Tag Archives: deflation

Profits Without Prosperity

If there’s just one item which ought to be remembered from Vice President Biden’s recent  speech in Las Vegas it’s this – If the minimum wage were to be raised to $10.10 per hour this would add $19 billion into the national economy.  For 256,000 minimum income earners in Nevada that would pay for 19 months of groceries and three months worth of rent.  [LA-AP] So, if we really are “pro-business” then this information should be well received?

Once yet again to the point of unmentionable redundancy, here’s how we measure the growth in our national economy:

GDP formula

Consumer spending + business spending + government spending + the difference between imports and exports = the GDP.  So, why all the gnashing of teeth and tearing of hair over spending?  Why not promote that which will increase consumer spending? And why the inordinate attention to national spending?   Because the tail is wagging the dog.

The titans of finance – the banking sector – are wary of inflation.  That which puts more money into the hands of middle and working class families may cause inflation – the banker’s big bug-bear.  However, they’ve not mentioned the other side of the ledger; if income levels are dropping or if they remain stagnant those same bankers might be looking at deflation.  “The opposite of inflation, deflation has the side effect of increased unemployment since there is a lower level of demand in the economy, which can lead to an economic depression. Central banks attempt to stop severe deflation, along with severe inflation, in an attempt to keep the excessive drop in prices to a minimum.”

In other words, for average families the income will be spent.  Increasing the minimum wage would put more money into local businesses – furniture, appliances, groceries, clothing, entertainment, food service, hardware and home improvement, and so on.  However, for the top .01% whose income is primarily derived from investment earnings, increasing the minimum wage is of relatively little interest.  They are more interested in The Market (read Stock Market) than in the grocery market, the furniture market, the home improvement market, or the clothing market.

Not sure how this works?  Witness the plans for Hewlett-Packard to split up:

A close follower of the company’s stock price, Ms.
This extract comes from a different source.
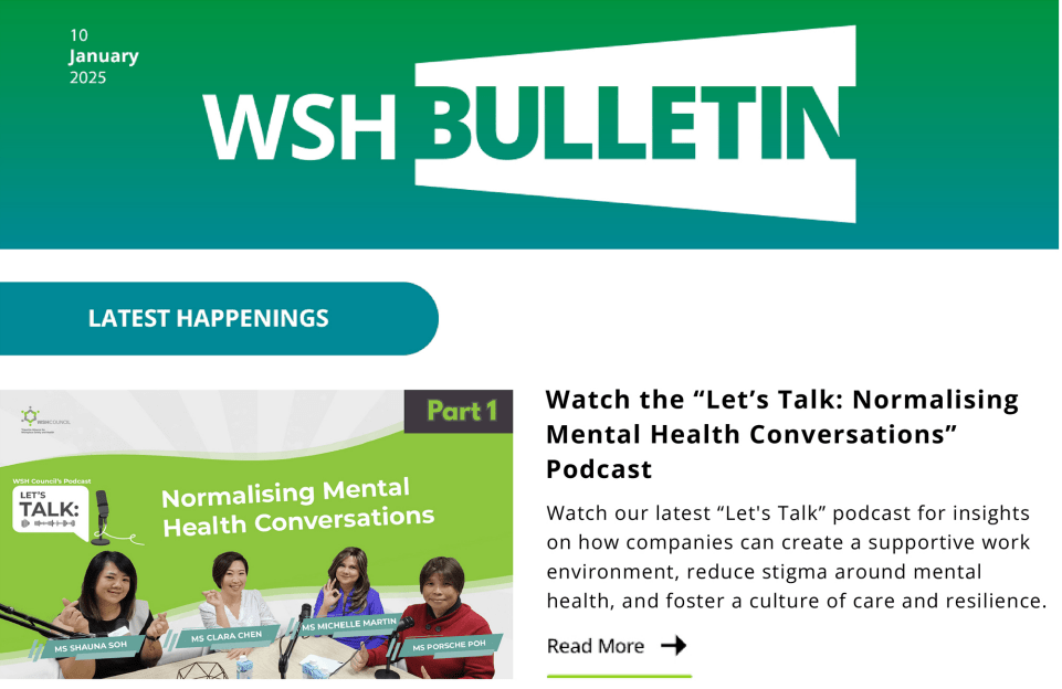Total Workplace Safety and Health (Total WSH) is an approach that looks at safety and health together at work.  It covers:

Whitman may have also decided that the two separate companies would be worth more on Wall Street. Since Ms. Whitman became chief in September 2011, HP shares have risen about 50 percent. [NYT

HP also confirmed the split will result in the loss of another 5,000 jobs, in addition to the 45,000-50,000 layoffs announced with the company’s second quarterly earnings report for 2014 back in May. HP plans to invest the money saved in research and development, and projects full year non-GAAP (Generally accepted accounting principles) earnings of $3.83-$4.03 per share in 2015, not including one-time tax costs of the split. The companies will each have more than $57 billion in annual revenue.” [SDTimes]

There are structural reasons for the split, but the bottom line is that investors have decided the corporation would be more profitable split into at least two entities. And those 5,000 jobs lost?  The layoffs announced in May 2014?  The Market won’t be bothered by those at all; the value of the stock will increase whether or not the former employees are able to find new jobs, or have money to spend on housing, food, clothing, entertainment, furniture, etc.   The value of the stock is the pinnacle of success in the “Shareholder Value” construct of modern American capitalism.  There’s really nothing dramatically new about this – when share value for the sake of share value becomes the primary force in management then other considerations are necessarily secondary.
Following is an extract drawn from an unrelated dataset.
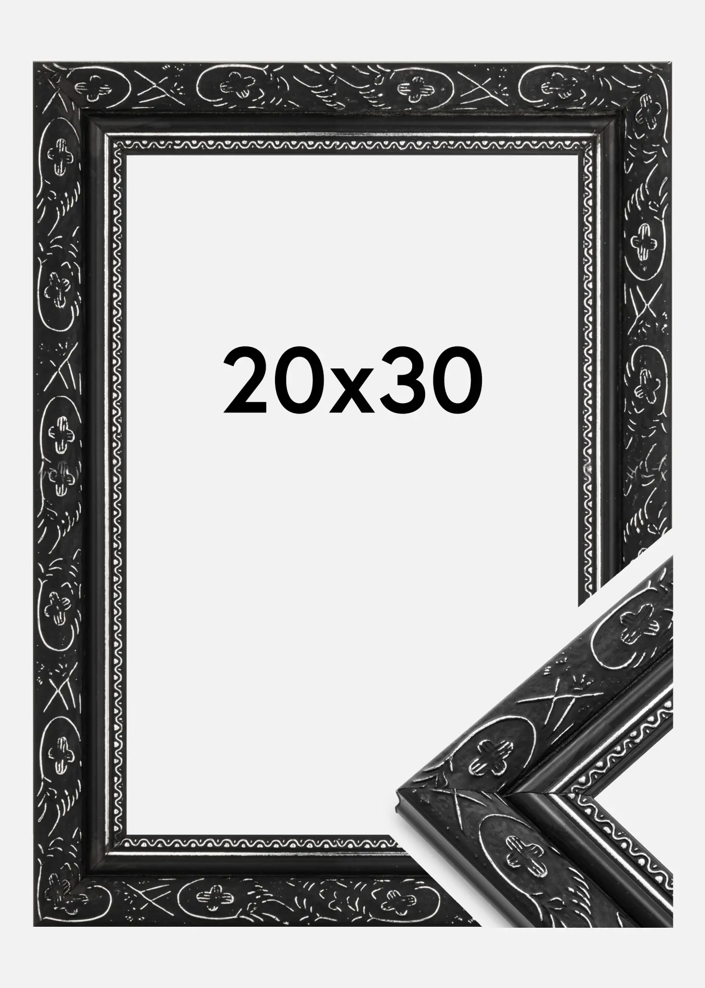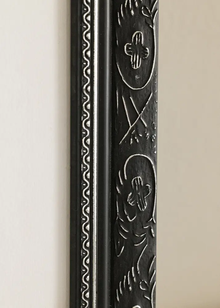 A Barokk Fekete egy nagyszerű fa képkeret retró stílusban, gyönyörű díszítésekkel, ezüst elemekkel a motívum közelében. Tökéletes választás, ha széles, szép, régies stílusú fa képkeretet keresel. Kiváló választás a kedvenc nagyításaidhoz.

Hewlett-Packard’s focus on shareholder value isn’t unique either. Remember how the old Trickle Down Hoax was supposed to work? Corporations were supposed to have more revenue to invest on research and development, more to spend on expansion and hiring, more to spend on marketing and product sales?  Not. So. Much.

“Instead of investing in new plants, equipment and products, instead of paying their taxes and giving a long-overdue raise to their employees, big corporations are spending their record profits — plus gobs of newly borrowed money — to buy back their own shares and those of other companies.” [WaPo May 2014]

And we’re not speaking of just a few corporations, and the arithmetic is fairly simple:

“Meanwhile, the corporations of the Standard & Poor’s 500-stock index spent $477 billion last year (2013)  buying back their own shares, a 29 percent increase over 2012 and the most since the peak year of 2007. The idea behind buybacks is that they are a tax-advantaged way to return profits to shareholders by boosting the market price of their shares. Since the stock market tends to value companies by multiplying the profits per share times the number of shares, reducing the number of outstanding shares has the arithmetic effect of boosting the stock price. [WaPo May 2014]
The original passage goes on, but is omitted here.